Safari Pricing Examined – Southern Africa
‘What does a typical safari cost?’ ‘How much is the average South Africa safari these days?’ ‘How much is a safari in the school holidays?’ – or some variation on that theme must be our most frequently asked question. We always heave a little inward sigh because it’s like asking how much does a car cost? Or a house?
We tend to reply by saying that any safari probably costs more than you want to spend. We then follow that up quickly by saying it ranges from the moderately expensive to very expensive (sorry).
On the other hand, for most of our clients, their South Africa safari is declared to be their best holiday ever…
South Africa Safari Prices per Night
The overall safari price will be determined by how many nights you are spending in a game lodge. Usually visitors to South Africa like a varied holiday including Cape Town, the Winelands, perhaps the Garden Route or KwaZulu Natal, as well as a classic safari, staying at a small camp or lodge within a game reserve. So yes, your 3 nights on safari will probably be the most expensive part of the trip, but the overall holiday price may be happily within your budget.
Typically, one night at a South Africa game lodge will range from the equivalent of $225 / £150 per person sharing, per night all the way up to $1400 / £900) for one of the best safari lodges in the world.
In the off season (May to August) South Africa safari prices are sometimes lower and we can often recommend long stay offers like 4 nights for the price of 3, or very occasionally 3 nights for 2…
As you can see, that’s a vast range of prices – which is why we find it such a difficult question to answer!

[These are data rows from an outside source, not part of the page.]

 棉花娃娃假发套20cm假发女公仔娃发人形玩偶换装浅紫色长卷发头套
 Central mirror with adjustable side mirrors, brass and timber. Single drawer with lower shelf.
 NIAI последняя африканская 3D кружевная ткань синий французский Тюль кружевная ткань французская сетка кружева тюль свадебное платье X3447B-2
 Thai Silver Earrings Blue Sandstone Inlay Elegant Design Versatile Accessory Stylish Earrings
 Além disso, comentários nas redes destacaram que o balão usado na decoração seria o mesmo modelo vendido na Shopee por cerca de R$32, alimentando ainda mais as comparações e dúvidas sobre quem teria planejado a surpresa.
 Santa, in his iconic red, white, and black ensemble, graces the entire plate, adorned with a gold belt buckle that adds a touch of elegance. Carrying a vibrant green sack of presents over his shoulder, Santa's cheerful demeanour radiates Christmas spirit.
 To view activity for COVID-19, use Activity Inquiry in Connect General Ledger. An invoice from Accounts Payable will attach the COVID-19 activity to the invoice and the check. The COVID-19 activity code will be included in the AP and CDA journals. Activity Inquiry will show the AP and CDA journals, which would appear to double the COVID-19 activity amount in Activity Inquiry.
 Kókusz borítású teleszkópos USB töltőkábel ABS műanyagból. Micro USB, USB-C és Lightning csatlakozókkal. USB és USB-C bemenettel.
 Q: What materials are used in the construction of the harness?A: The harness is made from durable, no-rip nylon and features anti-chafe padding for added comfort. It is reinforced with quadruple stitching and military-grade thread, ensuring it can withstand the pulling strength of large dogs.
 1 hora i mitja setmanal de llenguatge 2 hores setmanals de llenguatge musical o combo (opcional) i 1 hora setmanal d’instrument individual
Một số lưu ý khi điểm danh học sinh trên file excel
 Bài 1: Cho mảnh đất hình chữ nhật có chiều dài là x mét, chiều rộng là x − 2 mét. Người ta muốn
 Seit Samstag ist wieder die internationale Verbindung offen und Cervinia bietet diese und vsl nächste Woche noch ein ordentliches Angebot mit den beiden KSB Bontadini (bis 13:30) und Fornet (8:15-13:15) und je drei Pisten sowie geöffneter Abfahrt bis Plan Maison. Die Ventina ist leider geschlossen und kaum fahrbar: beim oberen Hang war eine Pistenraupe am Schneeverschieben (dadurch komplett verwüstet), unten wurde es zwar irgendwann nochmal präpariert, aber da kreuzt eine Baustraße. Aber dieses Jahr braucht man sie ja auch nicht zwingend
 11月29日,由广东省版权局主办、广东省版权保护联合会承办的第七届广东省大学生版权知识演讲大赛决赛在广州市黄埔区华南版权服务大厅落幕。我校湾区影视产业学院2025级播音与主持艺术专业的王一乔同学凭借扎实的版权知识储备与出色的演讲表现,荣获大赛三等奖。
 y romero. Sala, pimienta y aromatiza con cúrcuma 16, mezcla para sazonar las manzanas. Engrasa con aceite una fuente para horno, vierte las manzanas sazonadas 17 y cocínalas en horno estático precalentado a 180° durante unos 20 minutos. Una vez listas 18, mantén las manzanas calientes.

Factors affecting South Africa Safari Prices
Other major factors which affect the safari cost are:
1) When you choose to travel eg in peak safari season
2) Number of nights ‘on safari’
3) Access – distance from the nearest airport. Will you need to have a charter flight to get to the lodge or can it be reached by road?
Setting a Reasonable Safari Budget
Assuming that you want at least 3 nights in a good quality safari lodge as well as 9-10 nights in 4 star hotels/lodges elsewhere, budget for at least $2800 / £1800 per person including the domestic flights PLUS the international flights.
If you want more nights on safari and/or to stay in some of the smarter game lodges, then assume you may need to pay $4700 / £3000 per person plus the international flights. If you want a top flight option then a budget of $5,000-$7,000 will go a long way, with the current low value of the Rand.
How much is a Safari in Botswana or Zambia?
These tend to be more expensive safari destinations for 3 reasons:
1) Nearly every night of your holiday or vacation is spent ‘on safari’. There is no convenient nearby city, beach or mountain resort where one can chill out for a few days at a far lower cost.
2) Invariably the cost of reaching these more inaccessible lodges is higher and is usually via safari flights
3) The safari season is much shorter (especially in Zambia) and so everyone wants to stay during a couple of peak months. This means that the safari camps often raise their peak season prices by 35-40%.
So, in the light of the above, you can see why it’s so useful to give us the target budget range for your proposed safari on a per person basis – and excluding the international flights.
Enquire Now for some South Africa safari prices, or have a look at some of our sample safaris…
Safari Pricing Examined – East Africa
Following on from the discussion above, getting a handle on safari costs in East Africa presents a whole new set of factors to bear in mind.
East African camps and safari lodges are rarely as amazingly good value as some in South Africa nor as eye-wateringly expensive as some in Botswana. With a few notable exceptions, the headline cost per person, per night tends toward the middle ground. The range can still be from US$290 per person per night to US$1670, so the variation is still as great. But a far larger tranche of camps sit between US$600 and US$900.
Visitors tend to either focus on safari or they simply combine game viewing in two or three different game reserves with some ‘R & R’ at a coastal beach resort. A stay at a beach resort is typically less expensive per night than a stay in a game lodge, though safari flights to get from A to B and many shortish road transfers can add up surprisingly fast. Nonetheless, two weeks spent entirely on safari will nearly always cost more than two weeks split equally betweeen ‘the bush and the beach’.
The park and concession fees are a significant factor in the cost of an East African safari, especially in Tanzania. This makes it harder to plan a tailor-made safari to meet a challenging budget as so many costs are fixed and no amount of searching for a lower budget alternative camp will make that much difference.
Bear in mind that the cost of staying the night at a lodge is only a part of the overall cost of being on safari in East Africa. Perhaps more so than in Southern Africa, the key drivers are the park fees, the cost of safari flights and/or the all-important 4×4 and driver/guide. This means that the best way to economize on safari in East Africa is to join a scheduled departure group safari (and sacrifice some flexibility in return for camaraderie).